Assigned task: Print the line containing "Haţegan a fost", then every line after it through the end of the material, exactly as written and without pictures.

Information provided:
================

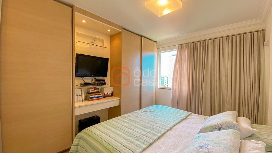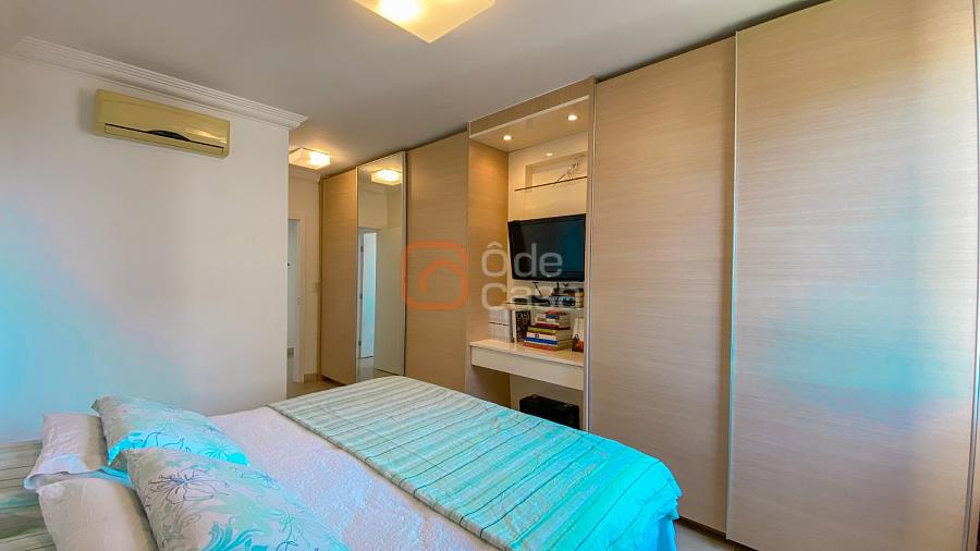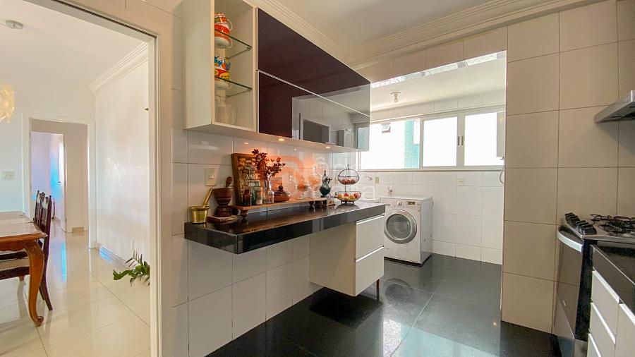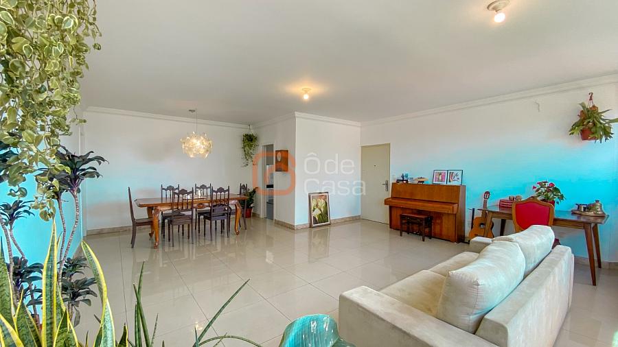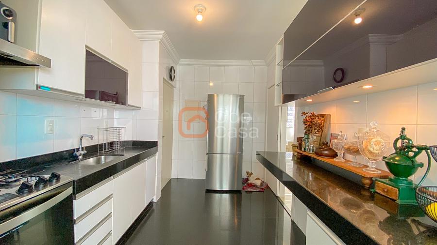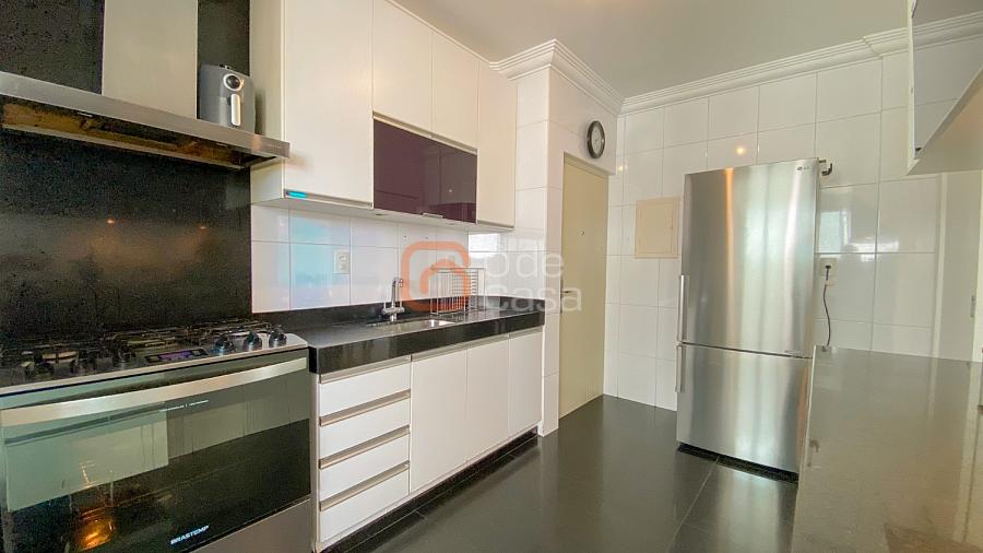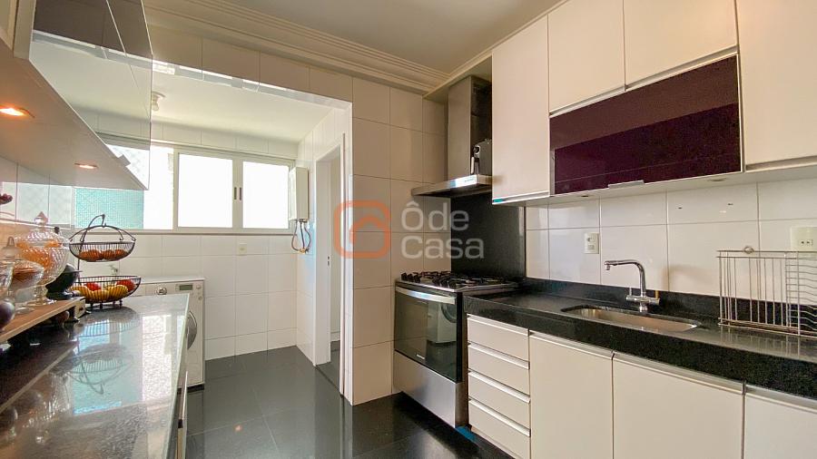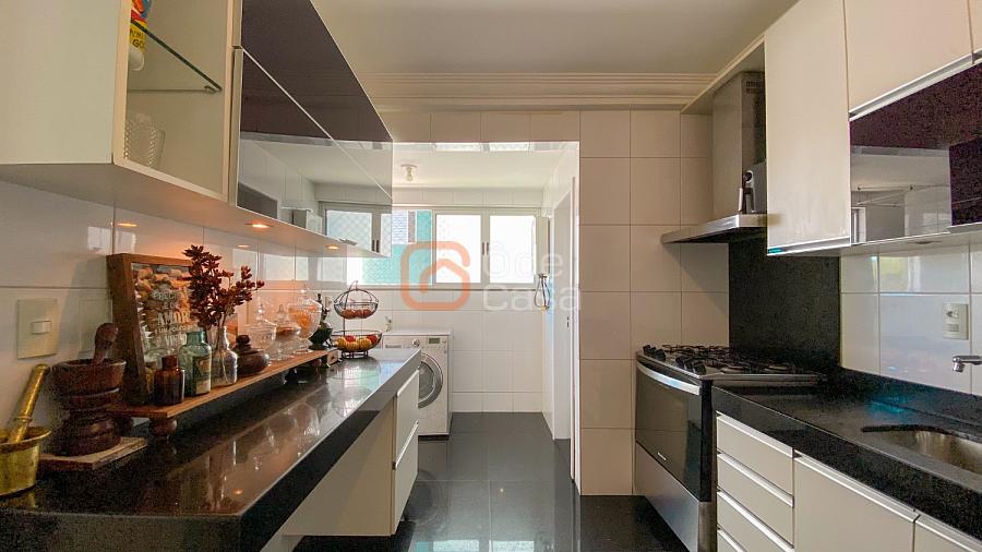 Sala ampla para 3 ambientes, com vista definitiva e exposição ao sol nascente, cozinha com armários, área de serviço independente, DCE completo, 4 quartos, sendo 2 suítes. 3 dos quartos com armários planejados.
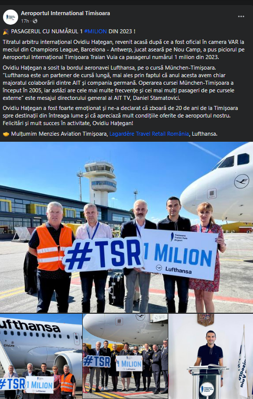Haţegan a fost pasagerul cu numărul un milion din 2023 de pe aeroportul din oraşul de pe Bega, iar arbitrul din Arad a fost primit de o delegaţie oficială după ce a coborât din avion. Inclusiv directorul aeroportului, Daniel Stamatovici, a fost prezent pentru a-l întâmpina pe Haţegan.
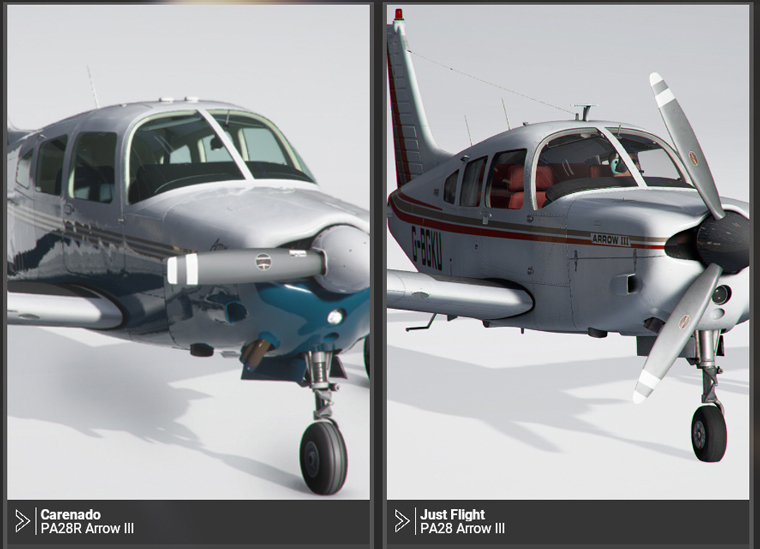 There are two versions of Piper PA28R Arrow III on the market for MSFS — one from Carenado and the other from Just Flight.
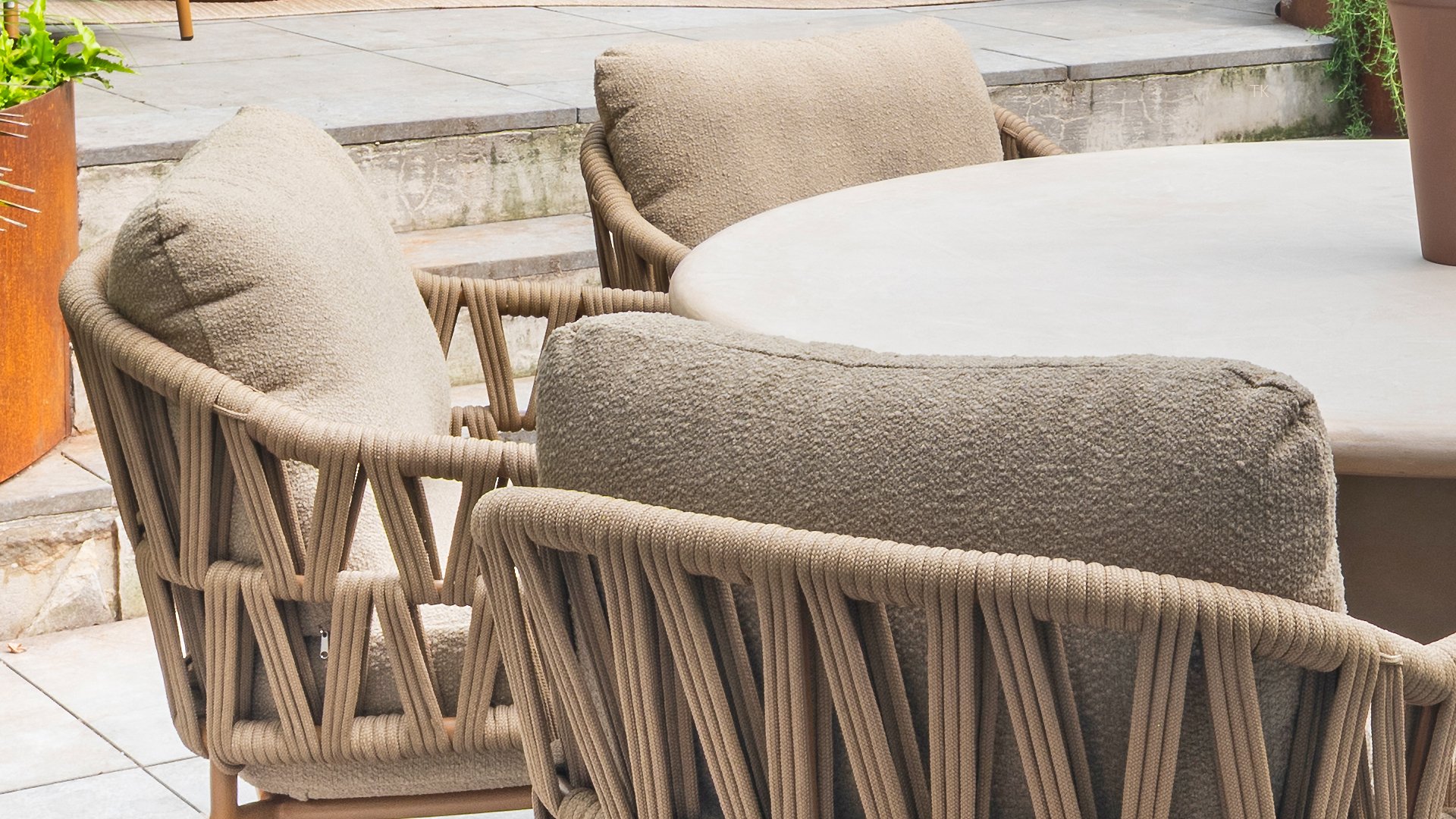 The extra-thick cushions, upholstered in soft bouclé fabric, provide unparalleled seating comfort, allowing you to enjoy hours of sunshine or relaxed evenings in your garden. The bouclé fabric not only adds a touch of luxury but also introduces a pleasant texture that invites you to unwind. These comfortable lounge models are designed for ultimate ease – whether you’re socializing with friends or quietly reading a book.

================

Written solution:
Haţegan a fost pasagerul cu numărul un milion din 2023 de pe aeroportul din oraşul de pe Bega, iar arbitrul din Arad a fost primit de o delegaţie oficială după ce a coborât din avion. Inclusiv directorul aeroportului, Daniel Stamatovici, a fost prezent pentru a-l întâmpina pe Haţegan.
 There are two versions of Piper PA28R Arrow III on the market for MSFS — one from Carenado and the other from Just Flight.
 The extra-thick cushions, upholstered in soft bouclé fabric, provide unparalleled seating comfort, allowing you to enjoy hours of sunshine or relaxed evenings in your garden. The bouclé fabric not only adds a touch of luxury but also introduces a pleasant texture that invites you to unwind. These comfortable lounge models are designed for ultimate ease – whether you’re socializing with friends or quietly reading a book.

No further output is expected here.